» **Work order**
Only a slice of the listing below is wanted. Retype the lines from the one containing "スマートフォンで検索をしてい" through the one containing "Изменения геомагнитного индекса", exactly, both ends included.

» **Records supplied**

==========

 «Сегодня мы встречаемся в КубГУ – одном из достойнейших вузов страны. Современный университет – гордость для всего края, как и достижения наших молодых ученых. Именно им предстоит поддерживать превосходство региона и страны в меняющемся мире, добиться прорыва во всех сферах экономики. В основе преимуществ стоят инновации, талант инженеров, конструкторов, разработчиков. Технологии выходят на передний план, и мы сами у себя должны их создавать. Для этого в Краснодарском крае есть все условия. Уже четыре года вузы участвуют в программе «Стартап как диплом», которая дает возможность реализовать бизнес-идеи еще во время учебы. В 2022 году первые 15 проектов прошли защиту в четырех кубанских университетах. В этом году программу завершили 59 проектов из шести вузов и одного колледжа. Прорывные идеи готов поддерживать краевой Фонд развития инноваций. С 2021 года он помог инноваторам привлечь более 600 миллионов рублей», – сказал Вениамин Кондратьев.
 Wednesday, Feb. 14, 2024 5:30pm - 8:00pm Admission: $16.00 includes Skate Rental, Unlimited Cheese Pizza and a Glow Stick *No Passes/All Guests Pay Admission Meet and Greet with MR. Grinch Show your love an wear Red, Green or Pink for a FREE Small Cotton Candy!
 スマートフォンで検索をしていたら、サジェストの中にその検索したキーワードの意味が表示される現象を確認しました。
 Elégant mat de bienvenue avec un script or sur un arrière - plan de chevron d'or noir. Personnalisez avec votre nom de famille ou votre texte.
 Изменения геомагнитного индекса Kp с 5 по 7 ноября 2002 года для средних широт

==========

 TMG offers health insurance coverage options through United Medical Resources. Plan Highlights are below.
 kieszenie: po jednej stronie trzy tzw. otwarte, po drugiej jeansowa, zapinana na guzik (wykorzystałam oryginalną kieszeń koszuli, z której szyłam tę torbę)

==========

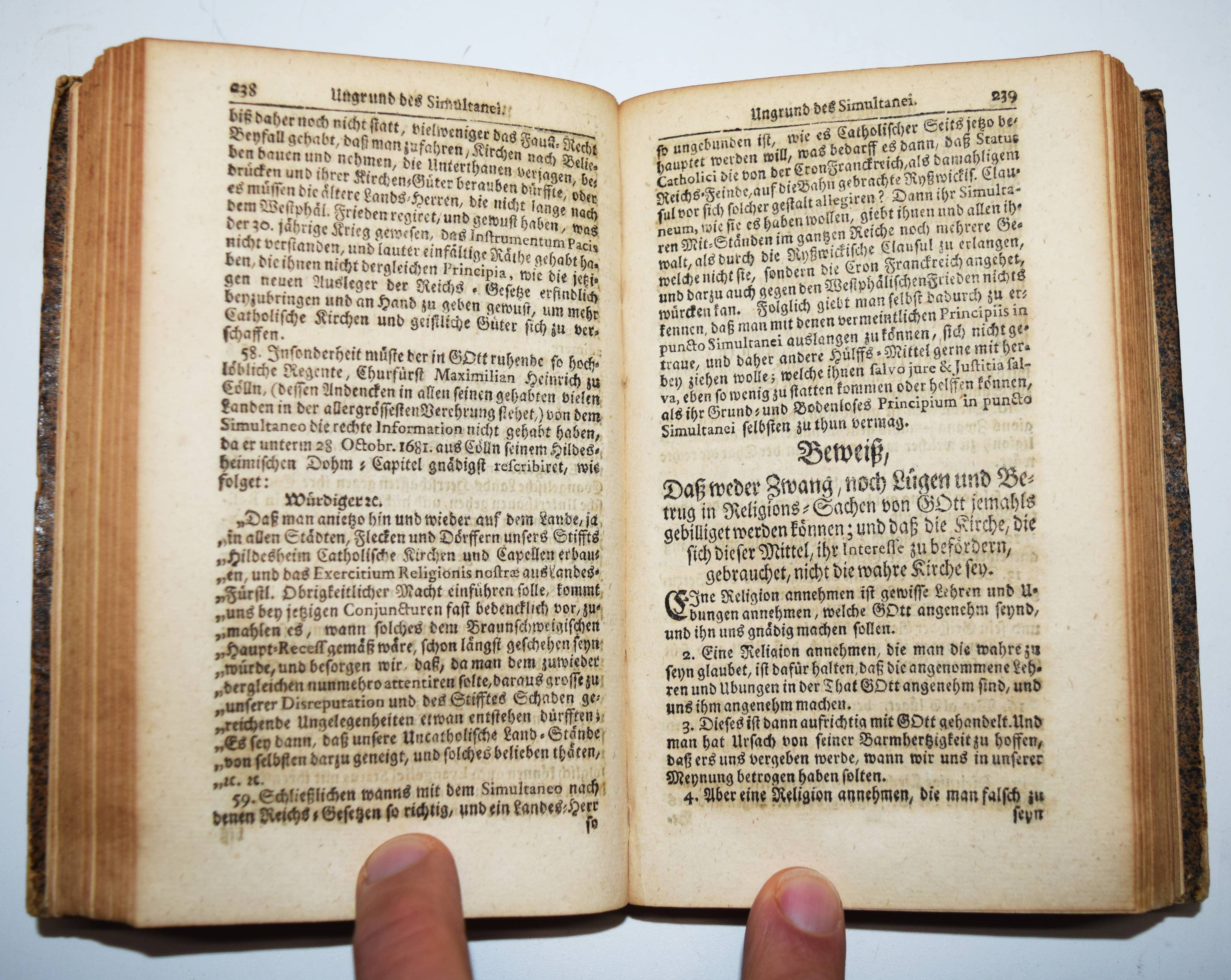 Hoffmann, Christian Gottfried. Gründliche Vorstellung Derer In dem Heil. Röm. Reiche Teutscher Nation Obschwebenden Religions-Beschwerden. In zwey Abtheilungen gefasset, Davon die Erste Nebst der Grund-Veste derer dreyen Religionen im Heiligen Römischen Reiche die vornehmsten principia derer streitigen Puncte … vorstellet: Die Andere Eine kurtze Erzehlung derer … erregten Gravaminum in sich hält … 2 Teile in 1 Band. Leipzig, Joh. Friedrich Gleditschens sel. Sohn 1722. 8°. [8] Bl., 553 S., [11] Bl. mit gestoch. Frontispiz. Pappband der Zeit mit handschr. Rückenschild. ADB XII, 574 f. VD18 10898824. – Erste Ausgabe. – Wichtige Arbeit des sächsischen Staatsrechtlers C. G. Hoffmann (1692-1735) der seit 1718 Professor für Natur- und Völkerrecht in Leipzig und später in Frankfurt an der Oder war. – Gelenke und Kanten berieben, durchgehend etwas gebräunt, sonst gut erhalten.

==========

» **Reply**
 スマートフォンで検索をしていたら、サジェストの中にその検索したキーワードの意味が表示される現象を確認しました。
 Elégant mat de bienvenue avec un script or sur un arrière - plan de chevron d'or noir. Personnalisez avec votre nom de famille ou votre texte.
 Изменения геомагнитного индекса Kp с 5 по 7 ноября 2002 года для средних широт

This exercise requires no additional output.